EPRA already increased the cost of power for ordinary domestic users in June to Ksh28 kWh up from Ksh26 kWh in May.

“As a government, we are already working on a mechanism to lower the cost of power, especially for our manufacturers. EPRA is already working on and has tabled our proposal that we reduce the cost of power for manufacturing to Ksh10 kWh down from what it is today at above Ksh20 kWh,” said Mukhwana.

Kenya as a country he said is not as well-endowed as other East African countries on power because looking at Uganda for example, with Lake Victoria and the Nile they are able to produce a lot cheaper electricity.

Tanzania, he said, because natural gas is also able to produce electricity at a lower cost, unlike in Kenya we are disadvantaged because almost 25pc of Kenya is arable and the rest is arid and semi- arid.

PS Mukhwana said that the government had invested a lot in Wind energy at Loyangalani in Turkana and also in Ngong.

The government pumped Ksh80 billion worth of investment in the embattled Lake Turkana Wind Power project in Loiyangalani expected to generate clean renewable and low-cost wind energy for distribution to the Kenya Power and Lighting Company (KPLC).

He said that the government had plans to start similar projects in Lamu and Tana River counties.

“Our electricity has been very expensive, what we have done as government is that we started in Naivasha where we are using geothermal energy” said Mukhwana.

On the issue of increased VAT on fuel from 8pc to 16pc as passed in the Finance Bill 2023, Mukhwana said that this was occasioned by the removal of subsidies.

He said that when the VAT was at 8 percent, Kenyans were still subsidizing oil marketers the remaining 8pc.

“The government is already taking up measures to ensure we lower the cost of fuel. Through the Government-to-Government agreement with the UAE, Qatar and Saudi Arabia, we are buying fuel in Kenya shillings as opposed to using dollars which made fuel more expensive,” he said.

The vice chairman and director of Milly Glass Works Limited Mohammed Rashid lauded the governments’ initiatives to promote manufacturers and the efforts made to reduce cost of power to enable ease of doing business.
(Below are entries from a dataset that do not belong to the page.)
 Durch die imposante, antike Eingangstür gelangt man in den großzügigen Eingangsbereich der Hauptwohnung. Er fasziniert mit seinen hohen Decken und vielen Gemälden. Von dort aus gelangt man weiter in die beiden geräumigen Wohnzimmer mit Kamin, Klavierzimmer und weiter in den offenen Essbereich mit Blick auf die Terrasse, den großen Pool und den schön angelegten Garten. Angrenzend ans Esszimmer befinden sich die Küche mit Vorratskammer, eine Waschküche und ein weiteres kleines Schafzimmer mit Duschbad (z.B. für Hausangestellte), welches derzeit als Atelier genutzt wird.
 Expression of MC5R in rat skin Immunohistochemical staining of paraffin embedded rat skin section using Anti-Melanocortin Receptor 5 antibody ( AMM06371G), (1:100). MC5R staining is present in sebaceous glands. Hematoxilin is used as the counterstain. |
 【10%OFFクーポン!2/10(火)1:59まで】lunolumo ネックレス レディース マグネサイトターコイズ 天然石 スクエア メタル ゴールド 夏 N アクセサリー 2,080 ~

The initiatives he said were in the right direction in the government’s efforts for manufacturing to go to 20 percent of the country’s GDP by 2030.

Rashid said that it is good that the government is interacting more and more with manufacturers and investors in the country.

“Today as investors and manufacturers in the country, we are seeing it happen because when a PS comes to see you and wants to know what you are doing and producing, it’s a move in the right direction

“This has never happened at this magnitude until the last few months where we have seen government officials coming down to ask us what they can do for us to improve manufacturing and industries,” said Rashid.

Rashid said that as local investors, they fully support the government’s agenda to reduce imports so that Kenyans can continue investing more in this country and expanding our industrial base.

He added the cost of electricity has been on the discussion table for a while, and agrees that though there is nothing much that the government can do, they have been trying a lot.